## Work item
Copy every record below exactly, leaving out any pictures.

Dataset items
Segment Open

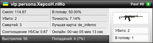| de_inferno | 2 | 2.00 | 0.61 | 1 | 2 | 00:03:17 | 01.01.2017 | |
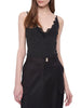 Il Top Gaudi da Donna - Nero è perfetto per una donna che ama brillare. Realizzato in maglia di viscosa e lurex, con dettagli in pizzo e spalline sottili, questo top nero è ideale per un look seducente. Lo scollo a V completa il look scintillante e glamour, perfetto per una serata speciale.
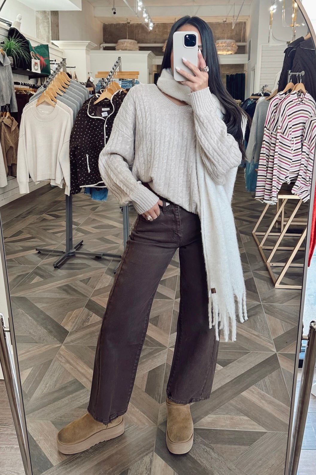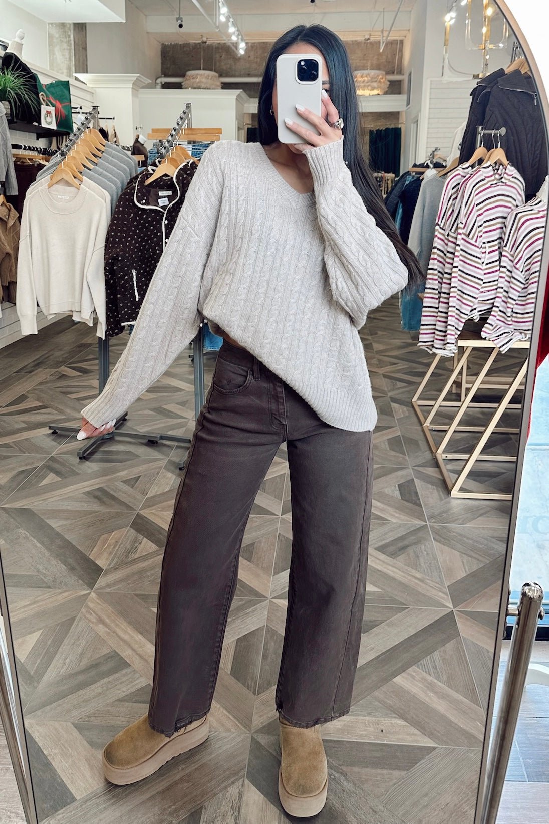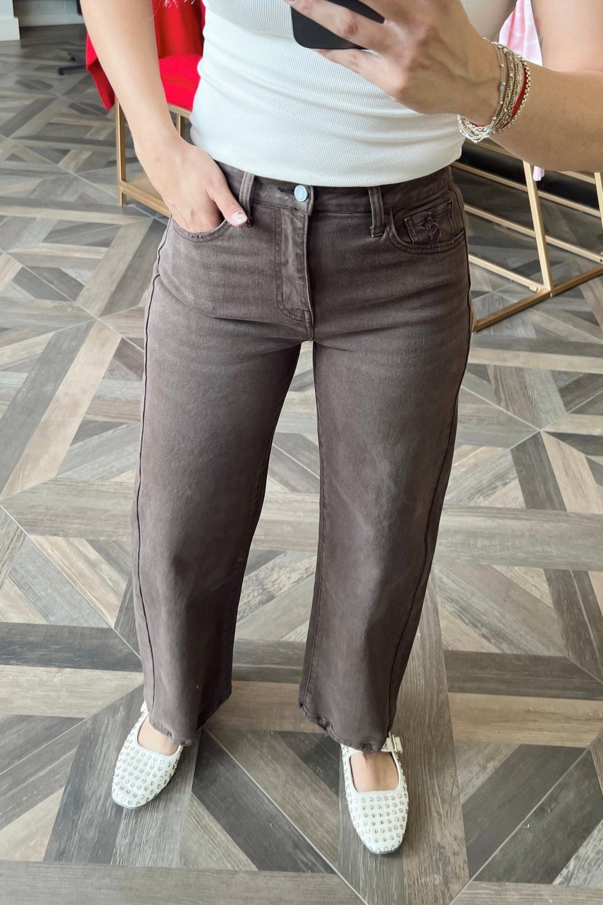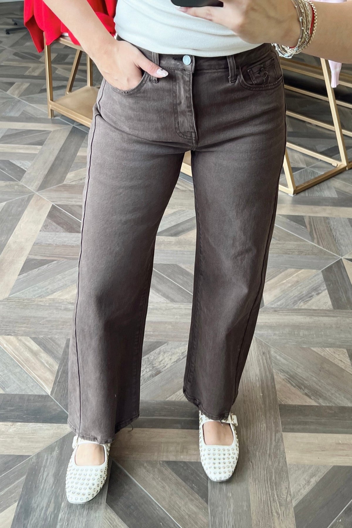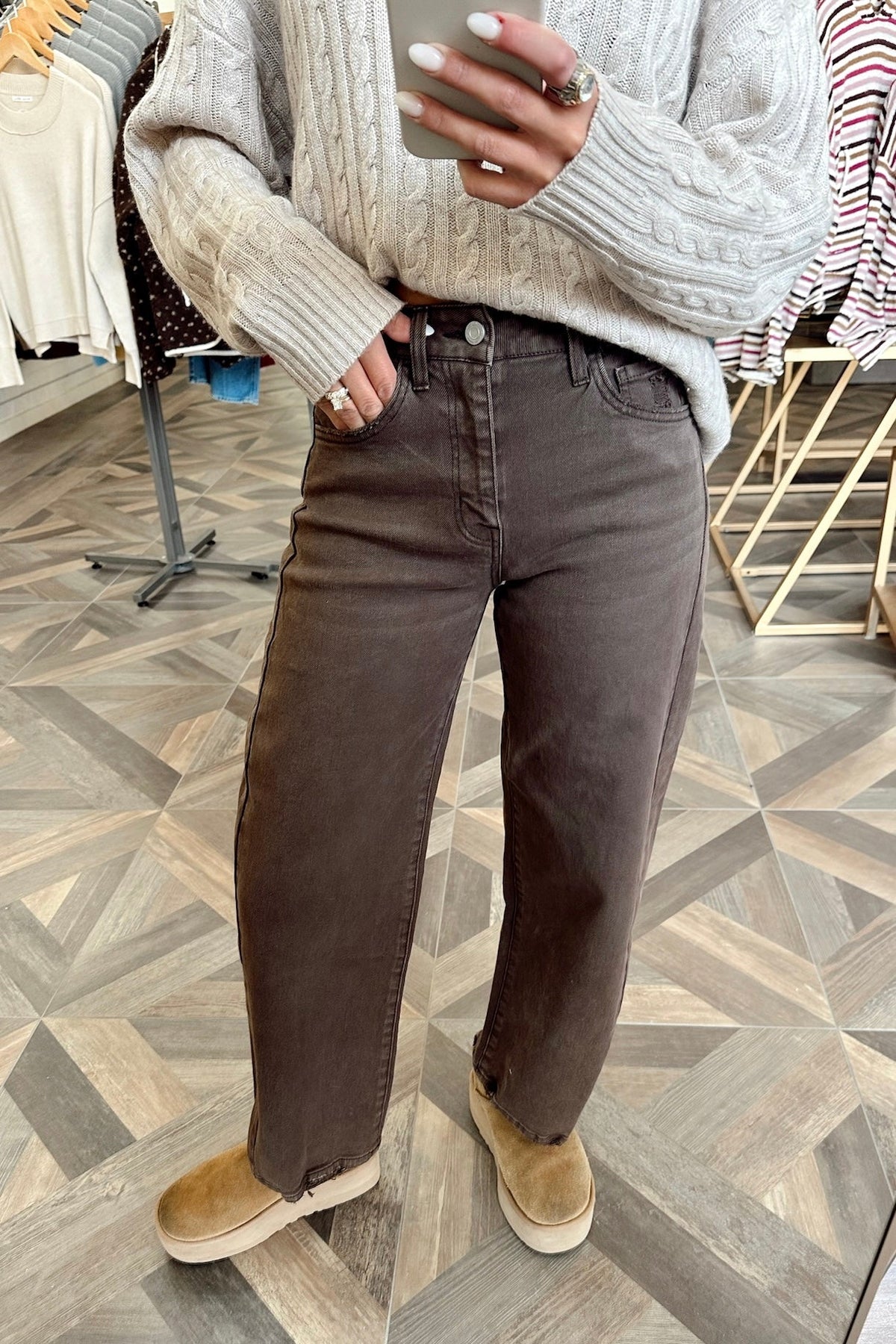 A chocolate brown barrel leg denim with an easy, relaxed shape that dresses up or down without trying.
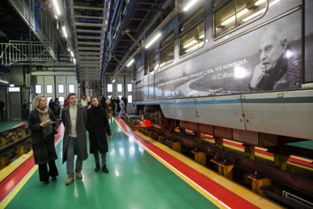 Запуск в электродепо «Аминьевское» тематического поезда метро, посвященного 80-л...
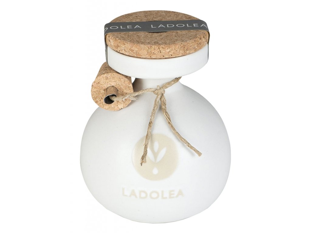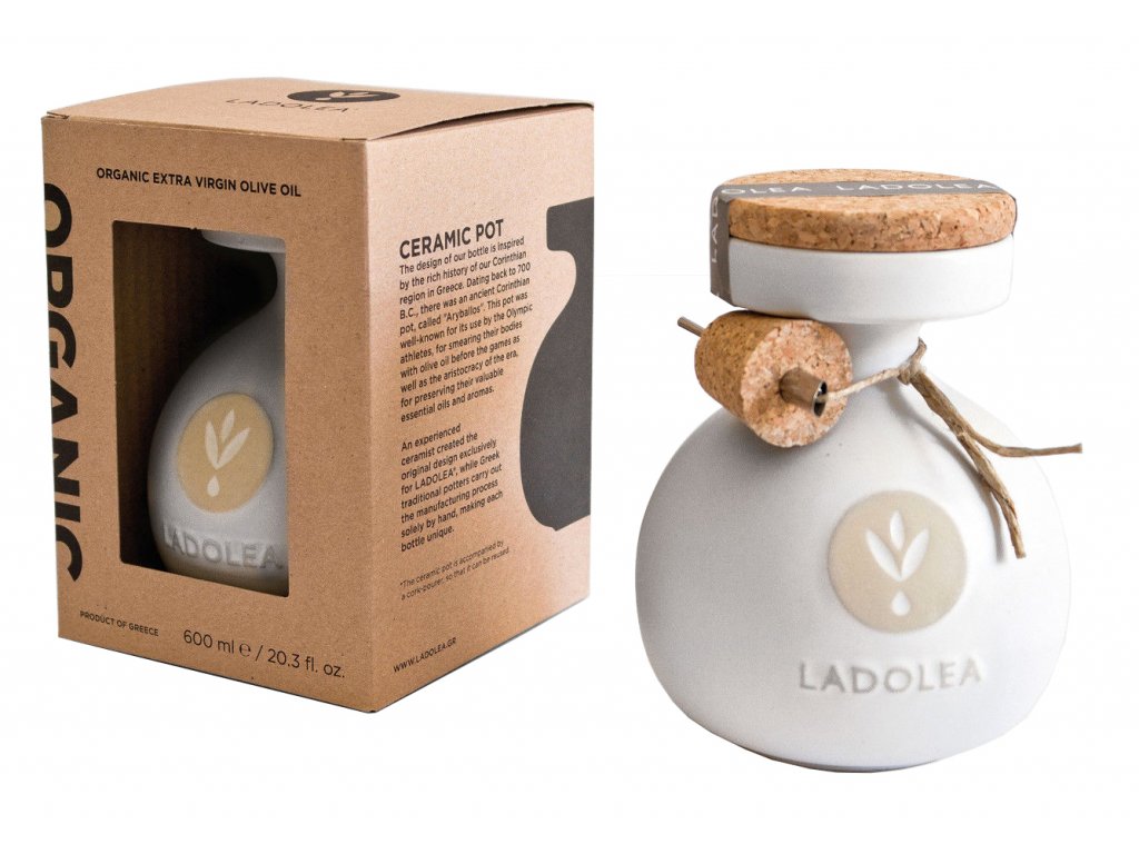 Olej v plechovce můžete použít pro doplnění v ručně vyrobené keramické nádoby. Inspirace pochází z bohaté historie řeckého regionu Corinthos. Podobné nádoby byly vyráběny již v roce 700 před Kristem a nazývají se Aryballos. Tato nádoba byla používána mimo jiné olympijskými atlety, kteří v ní uchovávali olivový olej, jímž se potírali. Stejně tak bohatí aristokraté v Aryballos nádobách uchovávali hodnotné esenciální oleje a aromata. Společnost Ladolea změnila design nádoby Aryballos a vytvořila tak úžasnou kombinaci antického a moderního designu. Nádoba je praktická pro servírování olivového oleje a samozřejmě splňuje veškeré normy a certifikace. Tmavá nádoba je navíc ideální pro uchování olivového oleje, který si tak zachovává své aroma a chuť. Nádoby jsou vyráběny exkluzivně pro Ladoleu.

Segment Closed

## Answer to this problem
| de_inferno | 2 | 2.00 | 0.61 | 1 | 2 | 00:03:17 | 01.01.2017 | |
 Il Top Gaudi da Donna - Nero è perfetto per una donna che ama brillare. Realizzato in maglia di viscosa e lurex, con dettagli in pizzo e spalline sottili, questo top nero è ideale per un look seducente. Lo scollo a V completa il look scintillante e glamour, perfetto per una serata speciale.
 A chocolate brown barrel leg denim with an easy, relaxed shape that dresses up or down without trying.
 Запуск в электродепо «Аминьевское» тематического поезда метро, посвященного 80-л...
 Olej v plechovce můžete použít pro doplnění v ručně vyrobené keramické nádoby. Inspirace pochází z bohaté historie řeckého regionu Corinthos. Podobné nádoby byly vyráběny již v roce 700 před Kristem a nazývají se Aryballos. Tato nádoba byla používána mimo jiné olympijskými atlety, kteří v ní uchovávali olivový olej, jímž se potírali. Stejně tak bohatí aristokraté v Aryballos nádobách uchovávali hodnotné esenciální oleje a aromata. Společnost Ladolea změnila design nádoby Aryballos a vytvořila tak úžasnou kombinaci antického a moderního designu. Nádoba je praktická pro servírování olivového oleje a samozřejmě splňuje veškeré normy a certifikace. Tmavá nádoba je navíc ideální pro uchování olivového oleje, který si tak zachovává své aroma a chuť. Nádoby jsou vyráběny exkluzivně pro Ladoleu.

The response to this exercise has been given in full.